A nossa vida só vale a pena porque é um mundo de relações. O meu pai achava que era só trabalhar; cultivar amizade e vida social era besteira.
O supermercado é um local de encontro de pessoas, há até a categoria "amigos de supermercados", quando o estabelecimento tem uma freguesia fiel. O dono ou gerente nem quer saber disso, ele quer saber de faturar, mas é um encontro de gente à procura de sobrevivência.
Amigo de supermercado é uma amizade meio silenciosa, feita de cumprimentos em voz baixa, meneios, frases queixosas de preço. Há os solitários, que vão lá, nem empurram carrinho, gostam mesmo é de conversar.
No supermercado, é um lugar de paquera. Na seleção de alho, vagem e outros legumes nas gôndolas, as mãos se encontram. É o desejo de sentir a pele do outro, a falta de um abraço.
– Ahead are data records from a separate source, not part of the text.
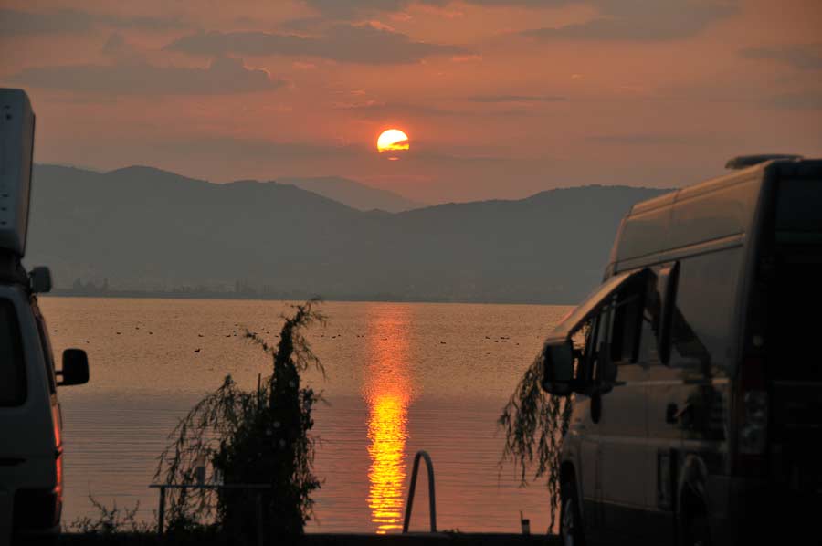 Maybe you like the pictures of the early morning, so that you even want to visit the Ohrid Lake once. In Ohrid itself, there is an international airport, the accessibility by Camper is easy possible from Croatia, Montenegro and Albania, without any problems. If your interest should be aroused, please visit the Camper-Route.de to see some of the places to have a break.
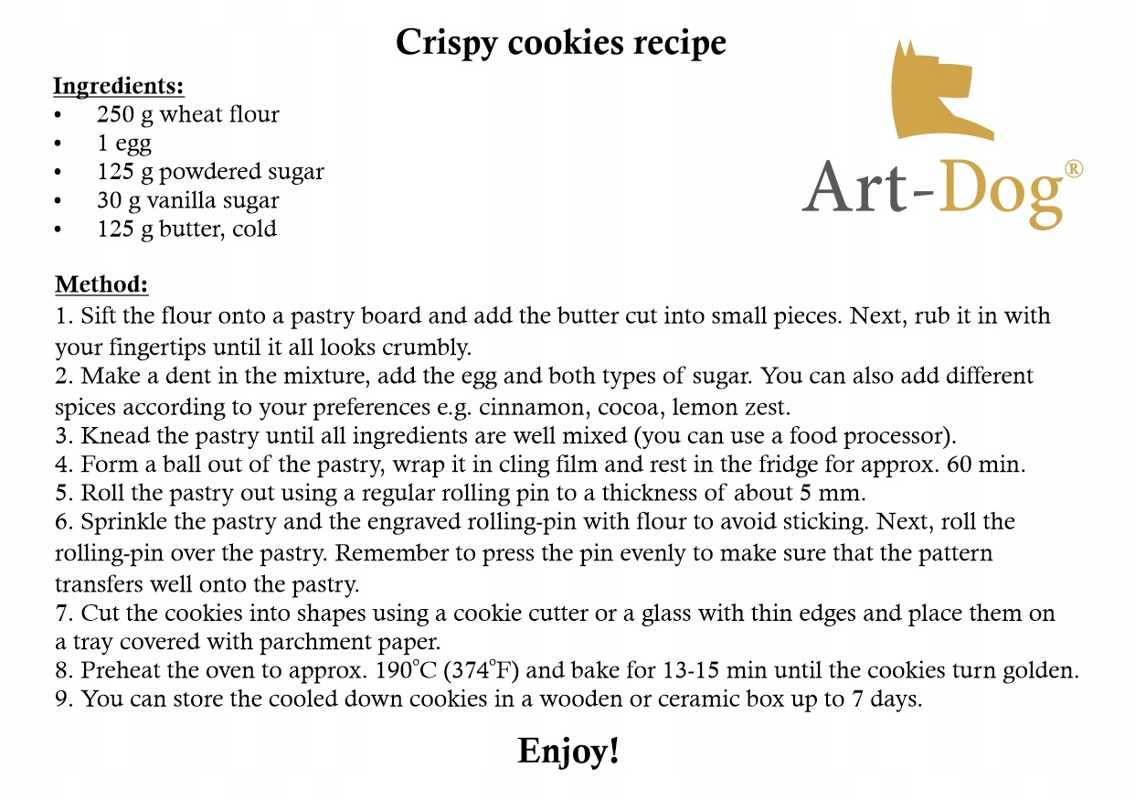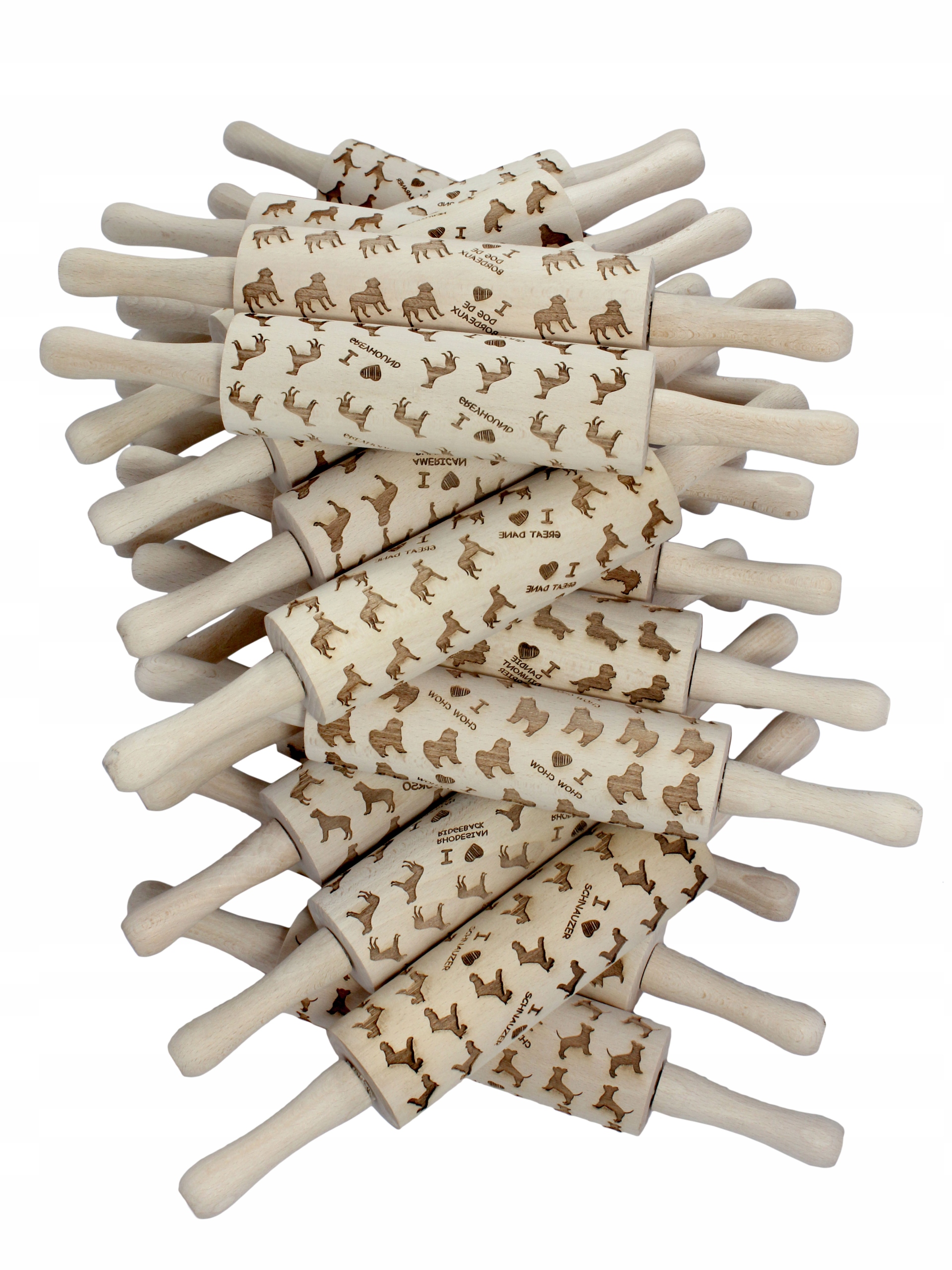 Ці компактні валики, менші за стандартні, виготовлені з дерева і мають точно гравіровані візерунки, що зображують цілі силуети расових собак. Вони ідеально підходять для дітей, які хочуть брати участь у кухонних іграх. За кілька моментів вони можуть прикрасити печиво з прекрасними конструкціями, що робить випікання приємною діяльністю для всієї родини.
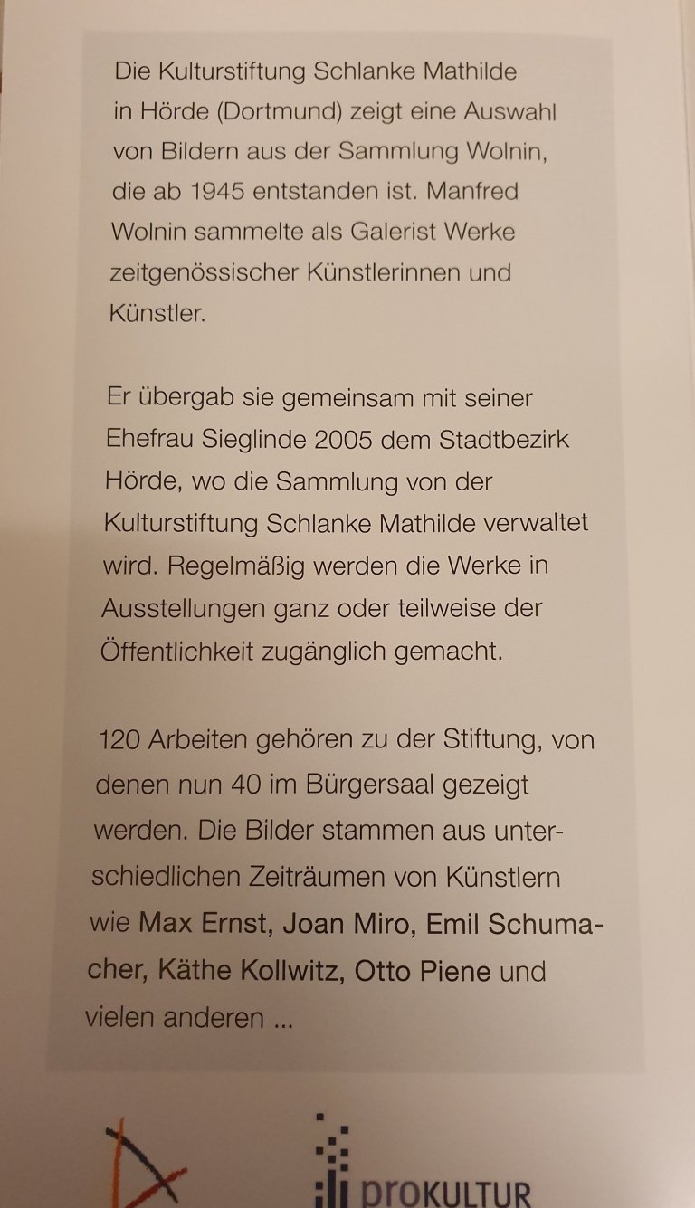 Leider nur noch heute: die Sammlung Wolnin im Hörder Bürgersaal: 40 Arbeiten aus der Stiftung von regional bis international bekannten Künstlern (ERICH KRIAN mit „Baum im Wind“. VICTOR VAZARELY und PIERRE SOULAGES)
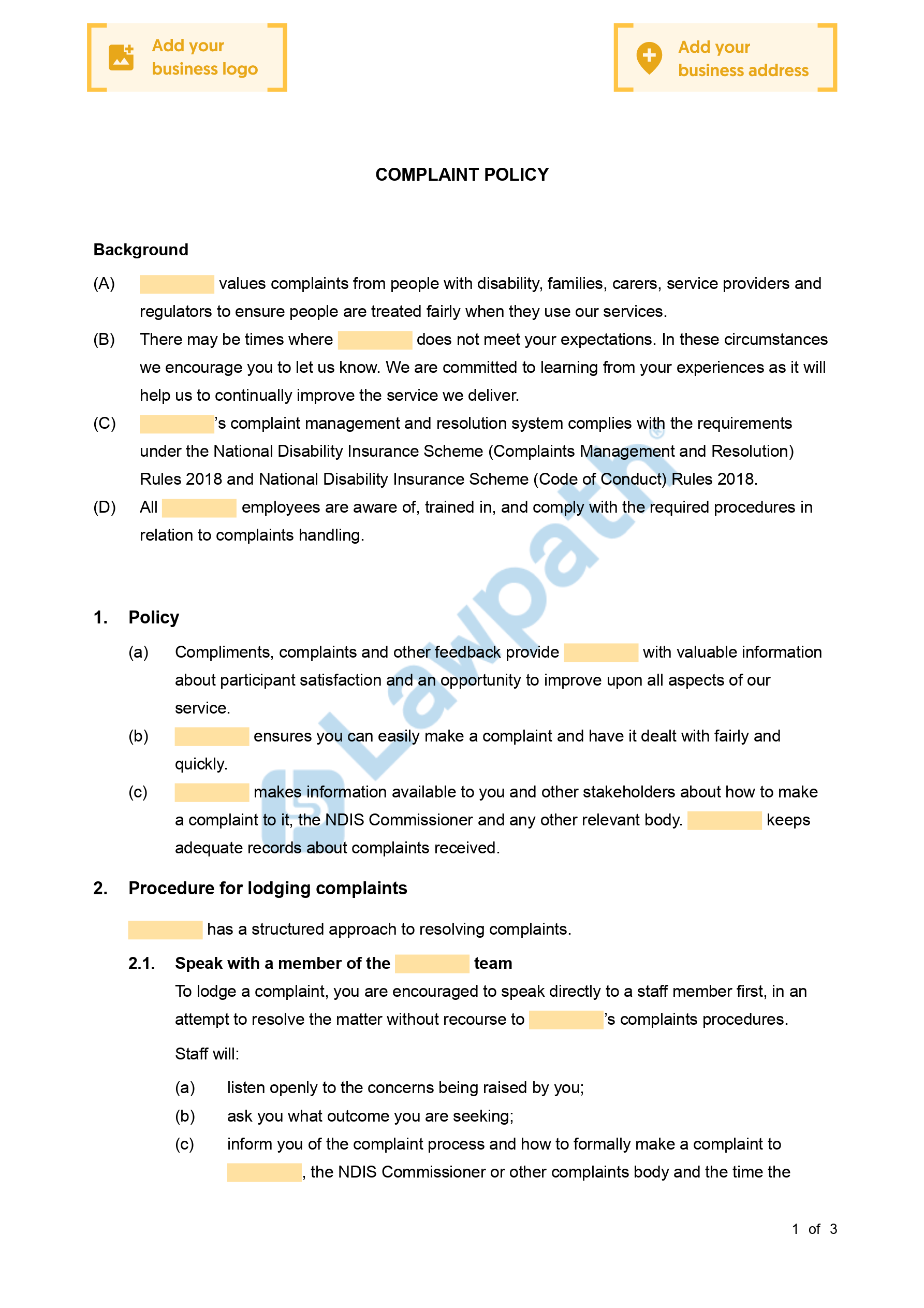 View Sample NDIS Complaint Policy
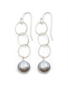 Three fine twisted sterling silver circles with a grey pearl drop. Total drop 2".
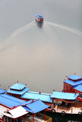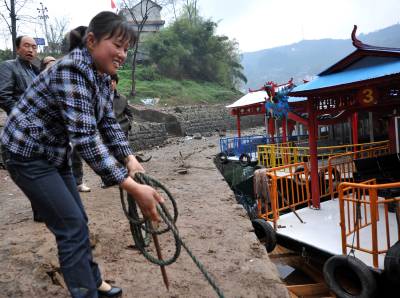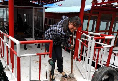 3月30日,宣恩县珠山镇双龙湖库区一农家女在旅客返回后清理船舱。随着恩施州高速公路、铁路相继开通,一度因交通信息闭塞而对旅游业基本没有什么概念的山区农民也开始涉足旅游业,并积极为融入”鄂西生态文化旅游圈”摩拳擦掌。(视界网签约摄影师:宋文摄)
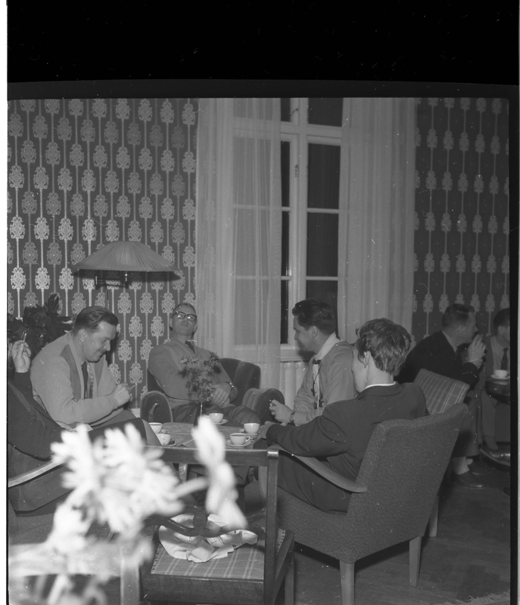 Män sitter i grupper runt bord med kaffekoppar och cigaretter.

Ainda há gente que faz a compra do mês. Carro velho no estacionamento. Filhos. Como faziam os antigos quando vinham para a cidade fazer compras, no final, chupa-se um sorvete de massa. Naquela época, parava-se a charrete numa sorveteria, agora, o sorvete é vendido no supermercado mesmo.
Mas nem tudo é paz e amor nestes tempos de Bolsonaro, durante as compras; há muito ranger de dentes, cálculos feitos e refeitos na máquina de calcular do celular, produtos largados ao pé do caixa porque o dinheiro não deu.
Durante a pandemia, por comodismo e medo da Helena de se contaminar pela covid, fiquei encarregado das compras no supermercado.
Há fatos interessantes, digno de registro. Nos Supermercados Rondon, vende-se "almeirão do Pão-de-açúcar", ou seja, produto com o nome do concorrente. Na mesma casa, a laranja-lima, para não ser confundida com a laranja-pera, marcava-se com a letra "L" cada fruta a pincel atômico. Como a letra "L", nesta campanha eleitoral, virou um gesto dos lulistas, só se faz agora um risco. Fui procurar a laranja da Bahia, para ver se o "B" estava bem grandão, mas me enganei, não havia nada marcado. O dono é da terceira via.
Assaí e Pão de Açúcar não têm produtos locais ou regionais à venda, não descentralizam as compras. Stock, Amigão e Muffato só vendem produtos do Paraná, pois suas matrizes são daquele estado.
Há algum tempo, em Araçatuba, cada ano abria um supermercado e fechava outro. Agora parece que estabilizou, mas ando comprando também no empório e mercadinho de bairro, nem tudo, alguns produtos, há preços melhores. Aposentado é um ser com tempo suficiente para fazer tais andanças.
Há gente que abomina os verbos comprar e vender, acha vil o dinheiro. Eles são instrumentos necessários nas trocas de mercadorias. Abominável mesmo é a enorme diferença entre nós, alguns com tudo e muitos com quase nada, nem entram no supermercado.